Undesignated Preferred Stock. Our certificate of incorporation provides for 5,000,000 authorized shares of preferred stock. The existence of authorized but unissued shares of preferred stock may enable our board of directors to render more difficult or to discourage an attempt to obtain control of us by means of a merger, tender offer, proxy contest or otherwise. For example, if in the due exercise of its fiduciary obligations, our board of directors were to determine that a takeover proposal is not in the best interests of our stockholders, our board of directors could cause shares of preferred stock to be issued without stockholder approval in one or more private offerings or other transactions that might dilute the voting or other rights of the proposed acquirer or insurgent stockholder or stockholder group. In this regard, our certificate of incorporation grants our board of directors broad power to establish the rights and preferences of authorized and unissued shares of preferred stock. The issuance of shares of preferred stock could decrease the amount of earnings and assets available for distribution to holders of shares of common stock. The issuance may also adversely affect the rights and powers, including voting rights, of these holders and may have the effect of delaying, deterring or preventing a change in control of us.

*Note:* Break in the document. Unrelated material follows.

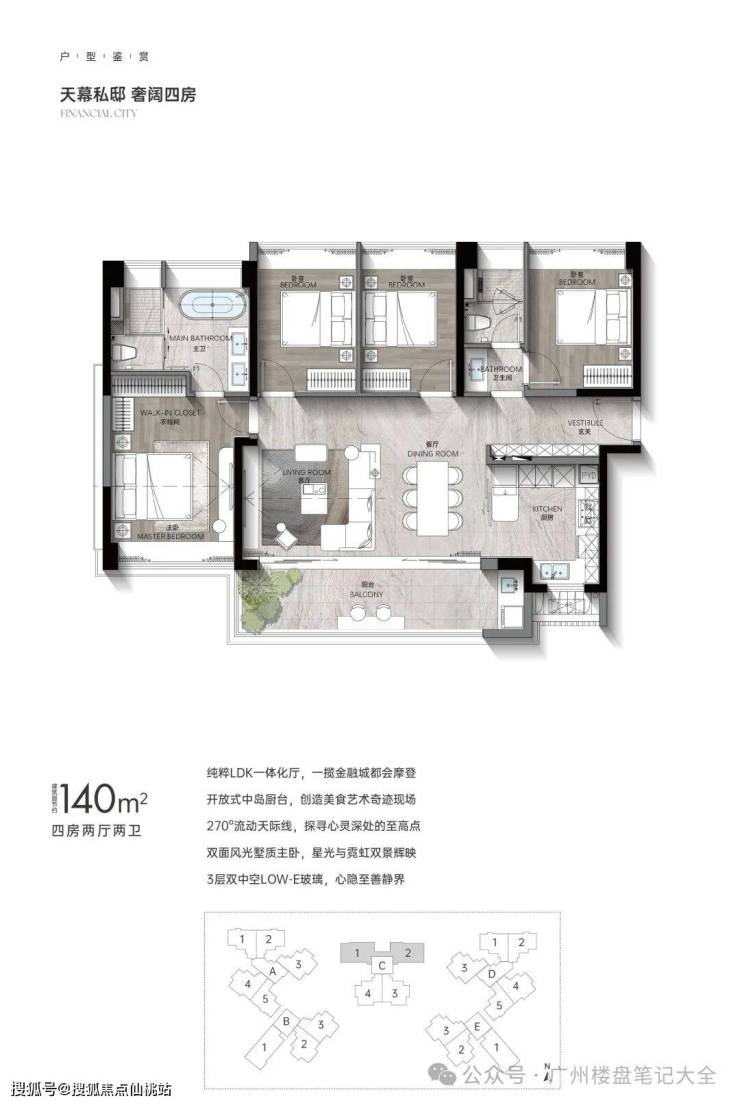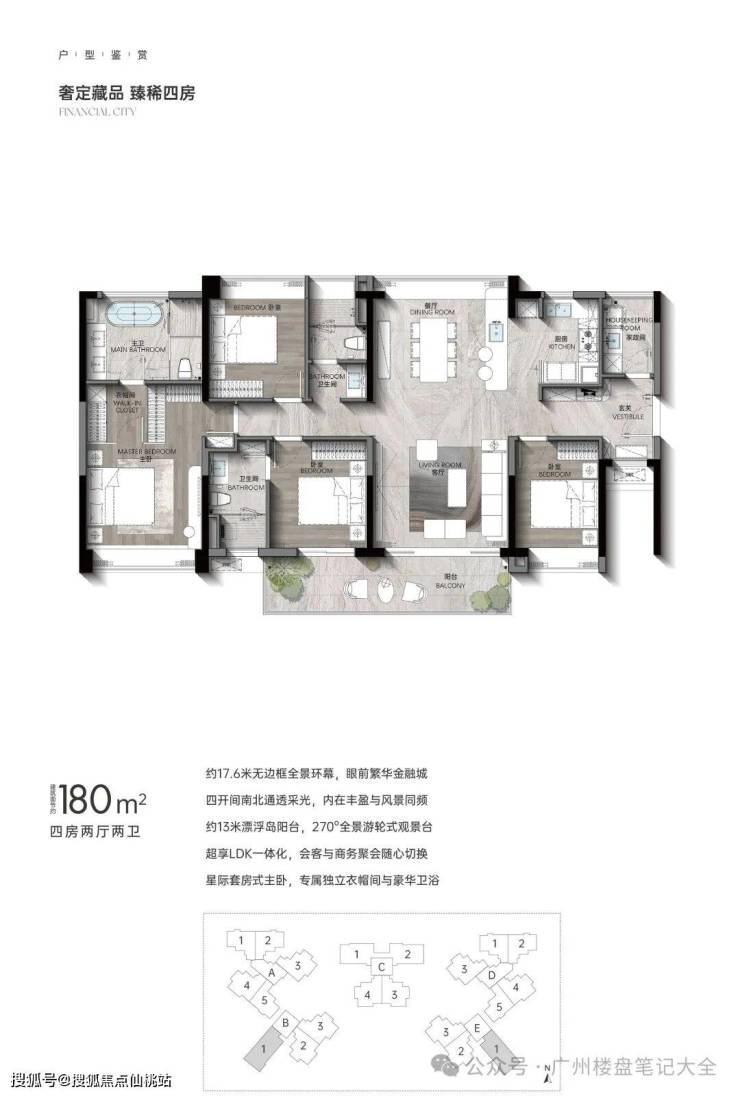 卖点三、工匠价值:时代的孤品,天河的限藏,125-180㎡稀缺/灵活户型,南向花园景观最大化,水晶般立面设计,整体风格,科技时尚简约,品牌系统窗打造,整体视觉效果更舒适,超前端的外立面材料,归家仪式感满分;

Section 203 of the Delaware General Corporation Law. We are subject to the provisions of Section 203 of the Delaware General Corporation Law. In general, Section 203 prohibits a publicly held Delaware corporation from engaging in a “business combination” with an “interested stockholder” (any entity or person beneficially owning 15% or more of the outstanding voting stock) for a three-year period following the time that this stockholder becomes an interested stockholder, unless the business combination satisfies one of the following conditions:
•before the stockholder became interested, our board of directors approved either the business combination or the transaction which resulted in the stockholder becoming an interested stockholder;
•upon consummation of the transaction which resulted in the stockholder becoming an interested stockholder, the interested stockholder owned at least 85% of the voting stock of the corporation outstanding at the time the transaction commenced, excluding for purposes of determining the voting stock outstanding, shares owned by persons who are directors and also officers, and employee stock plans, in some instances, but not the outstanding voting stock owned by the interested stockholder; or
•at or after the time the stockholder became interested, the business combination was approved by our board of directors and authorized at an annual or special meeting of the stockholders by the affirmative vote of at least two-thirds of the outstanding voting stock which is not owned by the interested stockholder.
Section 203 defines a business combination to include:
•any merger or consolidation involving the corporation and the interested stockholder;
•any sale, transfer, lease, pledge or other disposition involving the interested stockholder of 10% or more of the assets of the corporation;
•subject to exceptions, any transaction that results in the issuance of transfer by the corporation of any stock of the corporation to the interested stockholder;
•subject to exceptions, any transaction involving the corporation that has the effect of increasing the proportionate share of the stock of any class or series of the corporation beneficially owned by the interested stockholder; and
•the receipt by the interested stockholder of the benefit of any loans, advances, guarantees, pledges or other financial benefits provided by or through the corporation.
Our common stock is listed on The Nasdaq Global Select Market under the symbol “VRNS.”